RazrFalcon/memmap2-rs

Composite memory maps currently impossible

Closed this issue · 7 comments

I want to create a thread-local memory map (could be file-based or anonymous, I'd prefer anonymous) in each of N threads where the first M bytes of each thread-local mapping are mapped to the same file (which is itself mapped into memory). I know this allocation scheme is possible using plain mmap in Linux but I can't find a way to do it in memmap2-rs. That is, there is no way to map the buffer of a MMapMut into the buffer of another MMap* struct.

Am I wrong to believe this or is it truly impossible under the current API?

Can you please illustrate the C or at least plain mmap call sequence you would use?

From your description, I wonder why you just don't pass the byte slice itself to the other threads? And what kind of synchronization exists between them as multiple threads writing into the same mapping without synchronization is likely to imply a data race.

(It is also not clear to me what "thread-local memory map" means here as a memory mapping is by design process-wide as all threads share a single address space in which all memory maps are contained.)

Here's some code from the slice_deque crate that calls to the POSIX mmap:

let ptr = mmap(
            ptr::null_mut(),
            size,
            PROT_READ | PROT_WRITE,
            MAP_SHARED,
            fd,
            0,
        );
        if ptr == MAP_FAILED {
            print_error("@first: mmap failed");
            if close(fd) == -1 {
                print_error("@first: close failed");
            }
            return Err(AllocError::Oom);
        }

        let ptr2 = mmap(
            (ptr as *mut u8).offset(half_size as isize) as *mut c_void,
            half_size,
            PROT_READ | PROT_WRITE,
            MAP_SHARED | MAP_FIXED,
            fd,
            0,
        );

In ptr2, a second map is created by offsetting into the first map at ptr.

The reason for this is because I'm implementing a concurrent Prolog runtime in Rust with a consolidated heap. The first section of the heap (the memory map shared among all threads) is the atom table. The second section that comes immediately after it is the Prolog heap. Cells in the Prolog heap compose Prolog terms.
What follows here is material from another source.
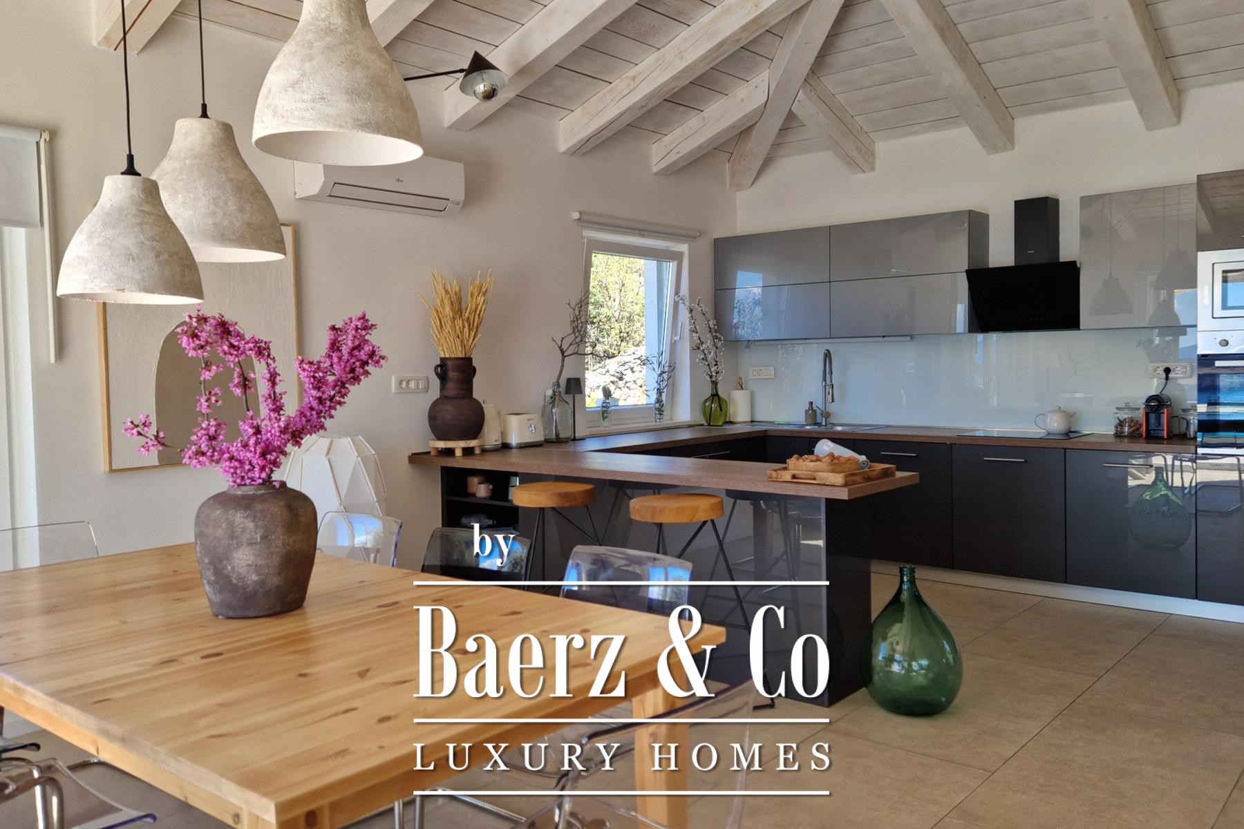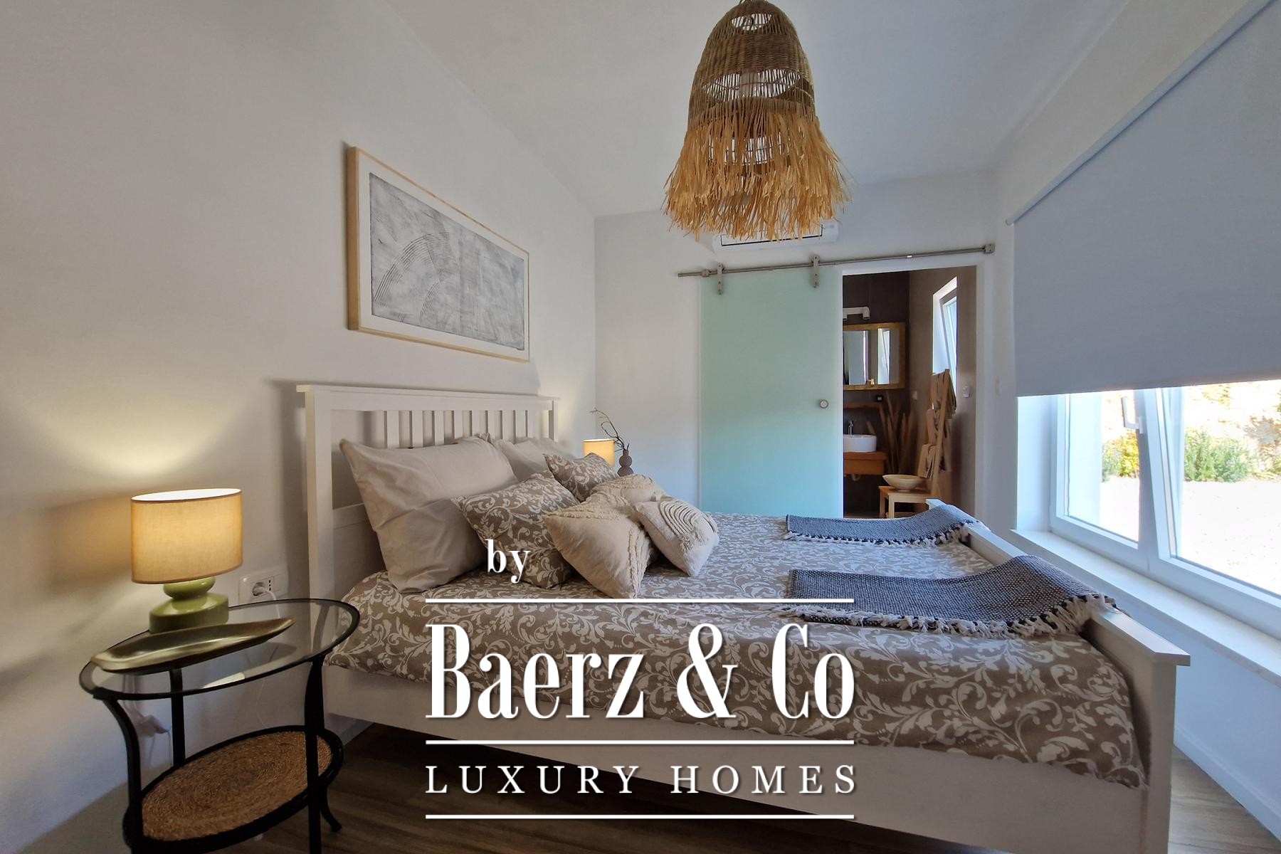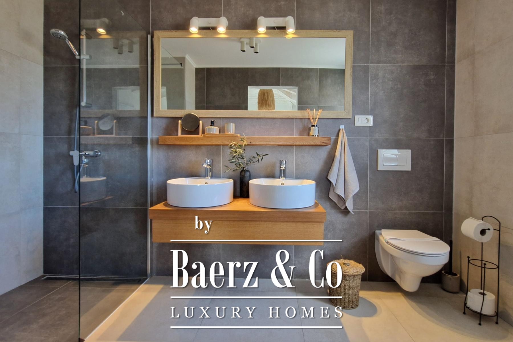 Bij binnenkomst zijn er drie slaapkamers, elk met een eigen en-suite badkamer. De badkamers beschikken over vloerverwarming en de gehele villa is voorzien van airconditioning. Het interieur balanceert zorgvuldig tussen rustiek karakter en moderne luxe, met een royale woonkamer met open haard, een volledig uitgeruste keuken en een eetruimte die uitkomt op een overdekt terras van 36 m². Een extra gastentoilet en een technische ruimte van 14 m² bieden praktische verfijning.

Prolog terms can point down into the atom table.

From your description, I wonder why you just don't pass the byte slice itself to the other threads?

Because of the Prolog VM design, it's most convenient to map the atom table contiguously in memory next to the thread-local Prolog heap. In particular, converting atoms to strings (lists of characters) is very efficient this way.

(It is also not clear to me what "thread-local memory map" means here as a memory mapping is by design process-wide as all threads share a single address space in which all memory maps are contained.)

By that I mean that every VM thread will have its own local MMapMut object that will never traverse threads but that contains the atom table MMap* as a sub-map.

And what kind of synchronization exists between them as multiple threads writing into the same mapping without synchronization is likely to imply a data race.

Absolutely, I plan to use RCU to manage that. But that's outside the scope of the memmap-rs library.

Also, I'm aware that memory mapping is process-wide and not per-thread. I mention threads just to give context to my use case. I don't expect memmap-rs to be aware of threading and synchronization.

So this appears to be a duplicate of #35, i.e. support for MAP_FIXED.

To be honest, using MAP_FIXED safely appears even harder to just plain non-overlapping mappings and it does not appear to be supported on Windows, so I am unsure whether this crate will be particularly helpful compared to lower-level wrappers like libc, nix or rustix.

Finally, but that is besides questions on this crate's API, why could the terms not just point into a global atom table wherever that is allocated, i.e. why must the two sections of the heap be contiguous?

Heap cells are tagged 64-bit pointers, so their addresses are relative rather than absolute. There would then need to be further tags to distinguish the locations, which would complicate the VM design.

If PRs are welcome for this, I'll try to implement MAP_FIXED. I need it to work on Windows too, so I'll be looking at that as well.

You are right, fixing memory maps is not possible in Windows. Closing this issue.